**Input data:**
■ ■ ■ ■

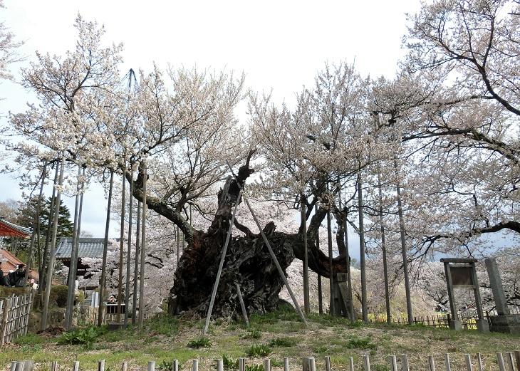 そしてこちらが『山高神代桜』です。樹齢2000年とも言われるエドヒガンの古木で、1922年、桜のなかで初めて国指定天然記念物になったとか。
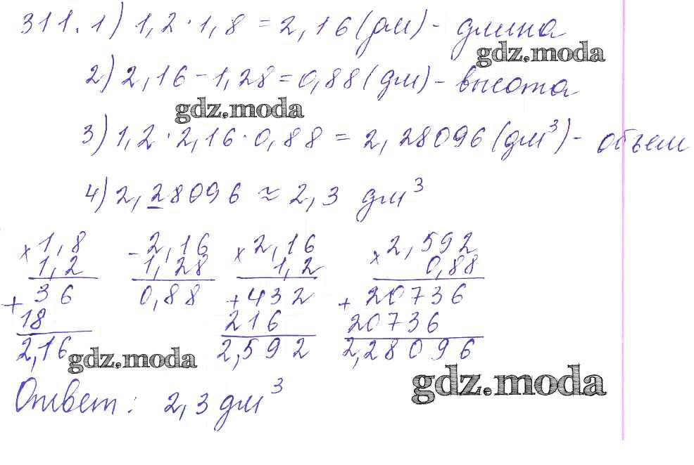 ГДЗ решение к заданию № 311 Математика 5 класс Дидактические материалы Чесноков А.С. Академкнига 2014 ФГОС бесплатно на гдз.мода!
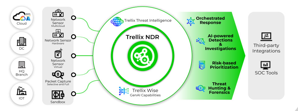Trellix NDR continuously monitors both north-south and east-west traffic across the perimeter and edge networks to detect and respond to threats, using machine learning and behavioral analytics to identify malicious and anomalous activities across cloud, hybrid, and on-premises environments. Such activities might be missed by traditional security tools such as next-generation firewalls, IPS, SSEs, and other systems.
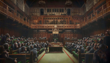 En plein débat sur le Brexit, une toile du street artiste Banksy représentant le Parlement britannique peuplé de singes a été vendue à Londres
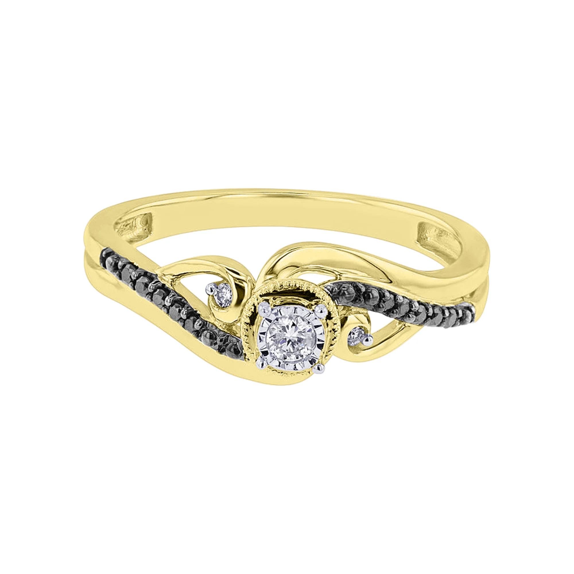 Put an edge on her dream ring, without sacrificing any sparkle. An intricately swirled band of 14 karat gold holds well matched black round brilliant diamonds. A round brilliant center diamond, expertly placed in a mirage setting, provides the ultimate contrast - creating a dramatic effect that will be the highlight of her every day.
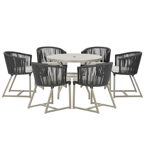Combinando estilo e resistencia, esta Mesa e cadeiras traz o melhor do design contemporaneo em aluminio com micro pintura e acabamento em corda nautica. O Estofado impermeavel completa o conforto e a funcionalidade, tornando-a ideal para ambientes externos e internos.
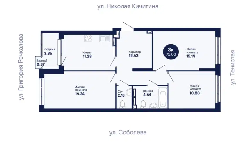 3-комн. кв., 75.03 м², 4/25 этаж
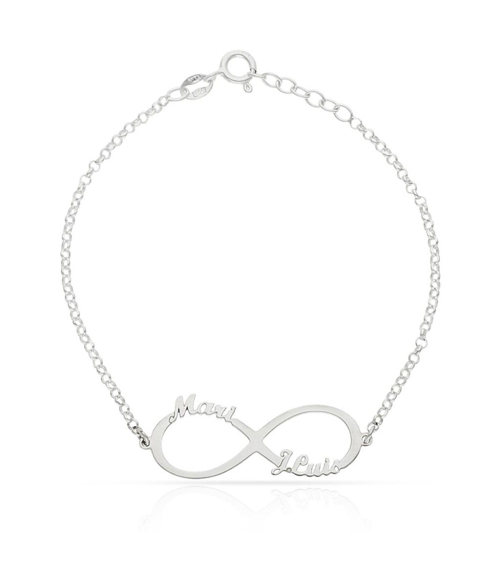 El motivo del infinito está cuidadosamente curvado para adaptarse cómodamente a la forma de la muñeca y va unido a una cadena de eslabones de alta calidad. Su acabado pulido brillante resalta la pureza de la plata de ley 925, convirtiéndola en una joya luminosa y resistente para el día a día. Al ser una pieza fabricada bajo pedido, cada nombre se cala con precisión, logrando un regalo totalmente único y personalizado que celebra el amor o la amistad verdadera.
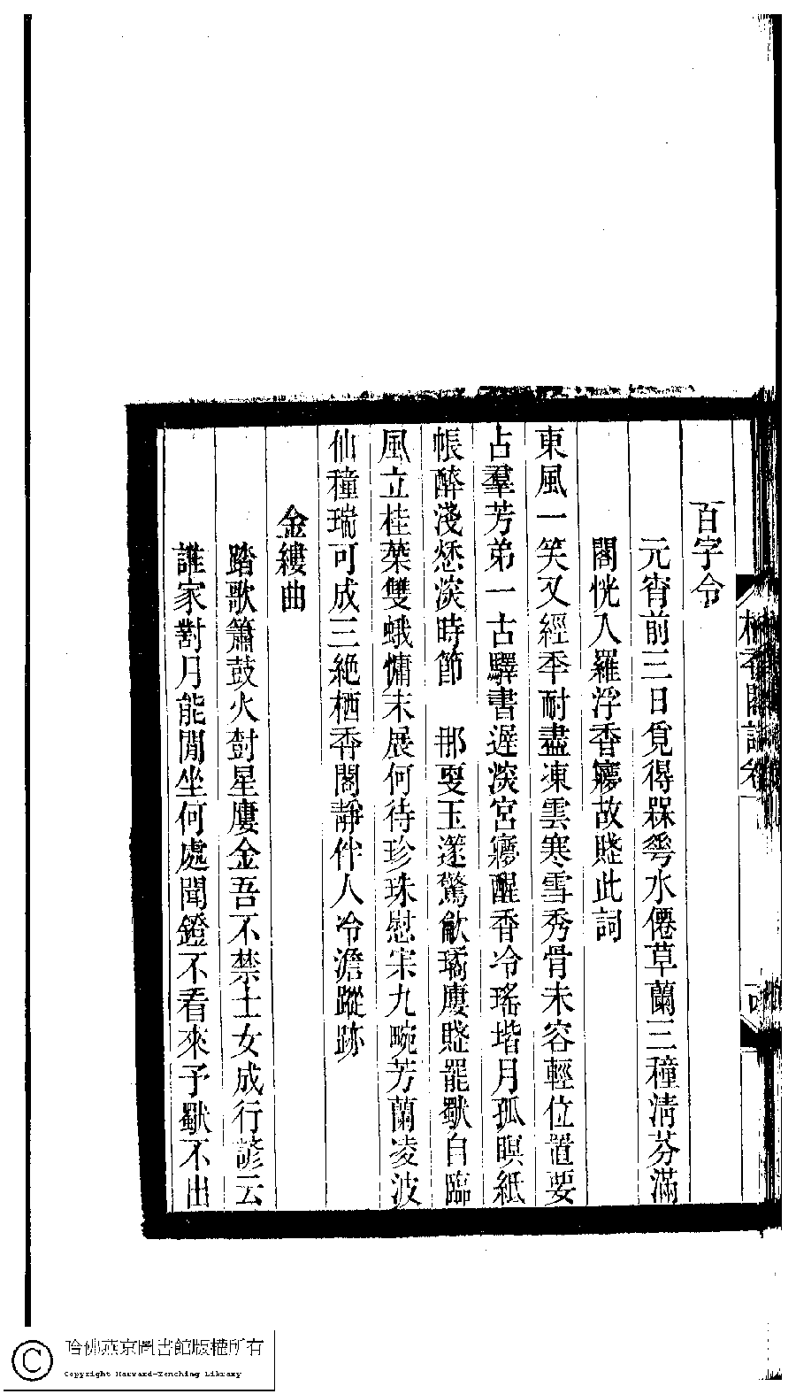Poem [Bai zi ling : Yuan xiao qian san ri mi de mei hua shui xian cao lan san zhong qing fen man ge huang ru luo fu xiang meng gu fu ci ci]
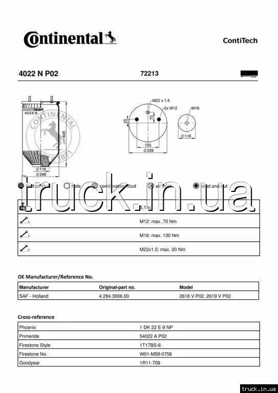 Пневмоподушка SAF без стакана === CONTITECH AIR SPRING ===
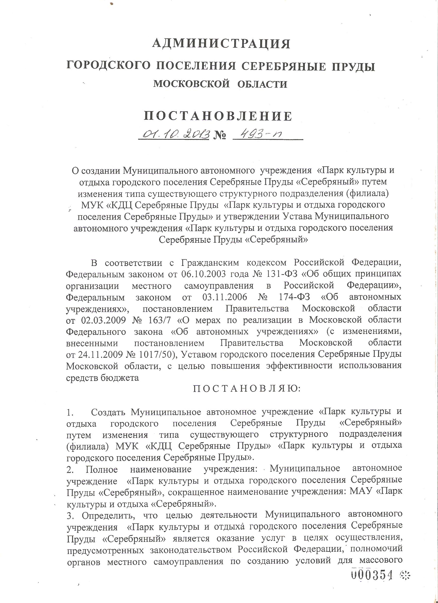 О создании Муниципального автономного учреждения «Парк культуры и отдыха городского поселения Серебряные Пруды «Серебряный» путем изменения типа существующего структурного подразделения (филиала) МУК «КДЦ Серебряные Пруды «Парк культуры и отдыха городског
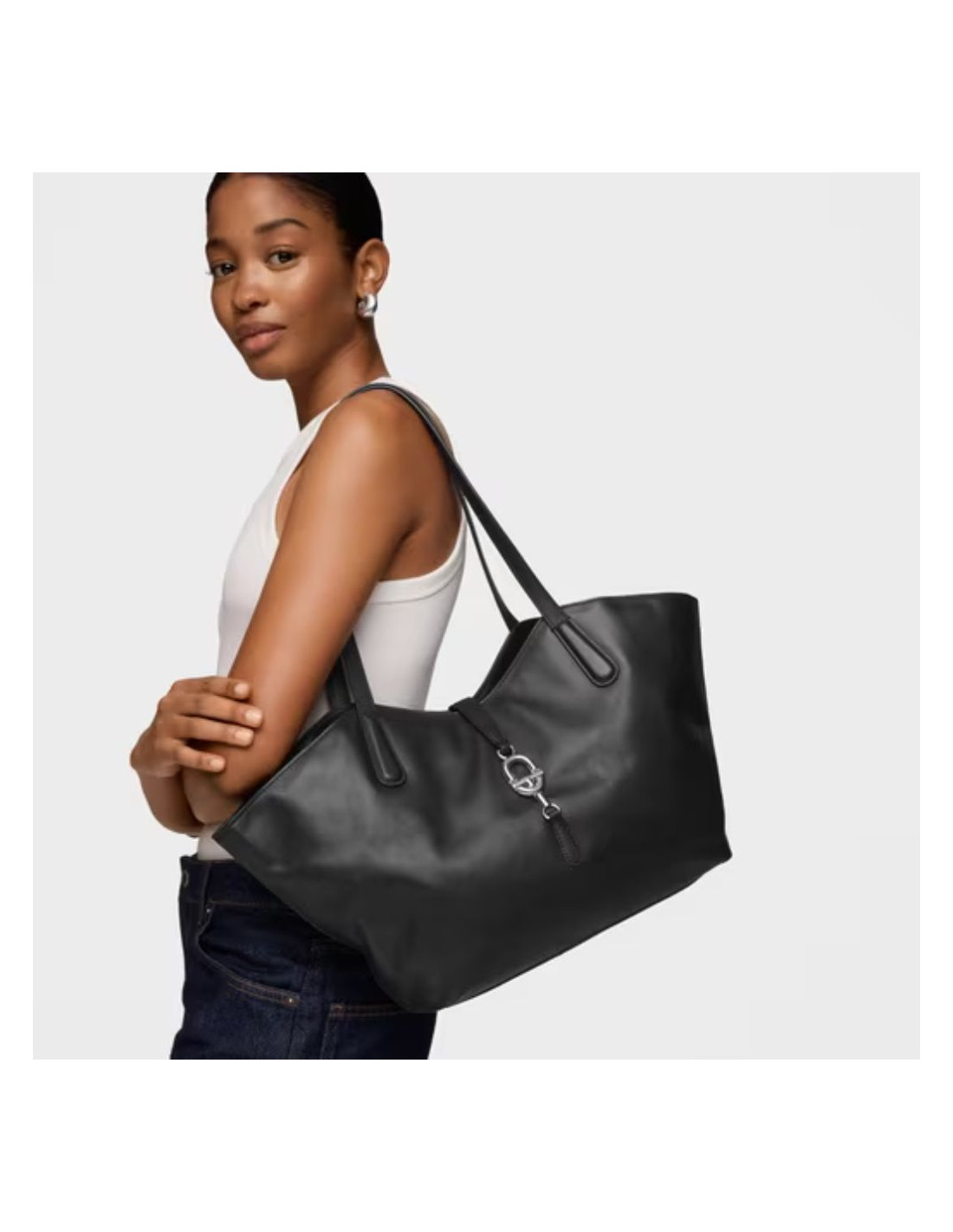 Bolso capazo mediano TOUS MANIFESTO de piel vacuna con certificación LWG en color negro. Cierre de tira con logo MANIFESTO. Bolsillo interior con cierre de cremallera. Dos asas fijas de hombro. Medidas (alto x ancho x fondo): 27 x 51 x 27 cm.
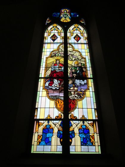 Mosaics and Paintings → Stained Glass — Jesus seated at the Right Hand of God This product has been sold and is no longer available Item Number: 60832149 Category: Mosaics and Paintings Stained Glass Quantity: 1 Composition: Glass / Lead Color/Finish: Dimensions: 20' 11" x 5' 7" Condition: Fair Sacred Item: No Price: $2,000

■ ■ ■ ■

**Task statement:**
Would you please reproduce the entries above, starting at the line with "Combinando estilo e" and stopping after the line with "3-комн. кв., 75.03 м², 4/25 этаж"? Omit any pictures.

**Output below:**
Combinando estilo e resistencia, esta Mesa e cadeiras traz o melhor do design contemporaneo em aluminio com micro pintura e acabamento em corda nautica. O Estofado impermeavel completa o conforto e a funcionalidade, tornando-a ideal para ambientes externos e internos.
 3-комн. кв., 75.03 м², 4/25 этаж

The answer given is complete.